An Integral involving nature logarithm

Question

I wish to find the closed form expression of the following integral $$\int\limits_{0}^1\frac{\log^{p-1}(x)}{x}\log\left(\frac{2}{1+\sqrt{1+x}}\right)dx=?\quad(p\in\mathbb{N}).$$ By using the identity \begin{align}\label{b1} \sum\limits_{n=1}^\infty \frac{x^n}{4^n n} \binom{2n}{n} =2\log\left(\frac{2}{1+\sqrt{1-x}}\right), \end{align} we can find that $$\int\limits_{0}^1\frac{\log^{p-1}(x)}{x}\log\left(\frac{2}{1+\sqrt{1+x}}\right)dx=\frac{(-1)^{p-1}(p-1)!}{2}\sum\limits_{n=1}^\infty \frac{(-1)^n}{4^n n^{p+1}}\binom{2n}{n}.$$

Answer 1

The latter series is quite easy only when $p+1 = 0$, which doesn't belong to your case, or when $p+1 = 1$, which might be your case depending on how you define the set $\mathbb{N}$, which usually doesn't take the zero into account.

Assuming then $p\in\mathbb{W}$, where $\mathbb{W}$ denotes the Whole set, that is, $$\mathbb{W} = \{\mathbb{N} + \{0\}\}$$

we find that the latter series converges to

$$\ln(4) - 2\ln(1 + \sqrt{2})$$

Considering that I'm talking about the series only, the coefficient in front of it becomes trivial for $p = 0$.

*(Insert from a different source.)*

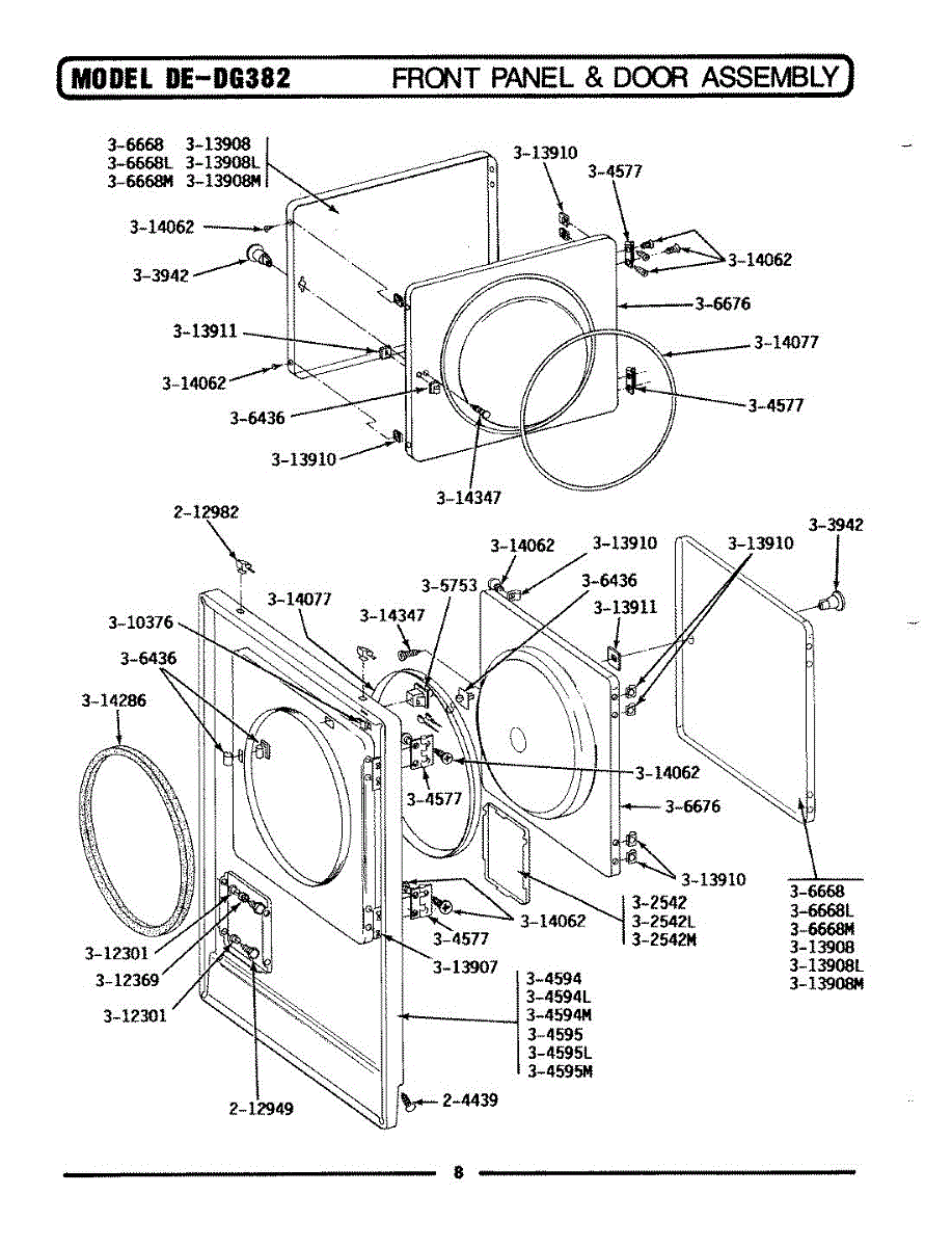 Parts for Maytag LDG382: 02 - Front Panel & Door Assembly Parts

All the other cases, where $p+1 = k$, $k>1$ make the series to converge as well but you won't fine any close numerical forms, in terms of elementary functions or values, but only via HyperGeometric Functions (Google for more).

The only closed form is then the one for $p = 0$, taking your range of definition for $p$.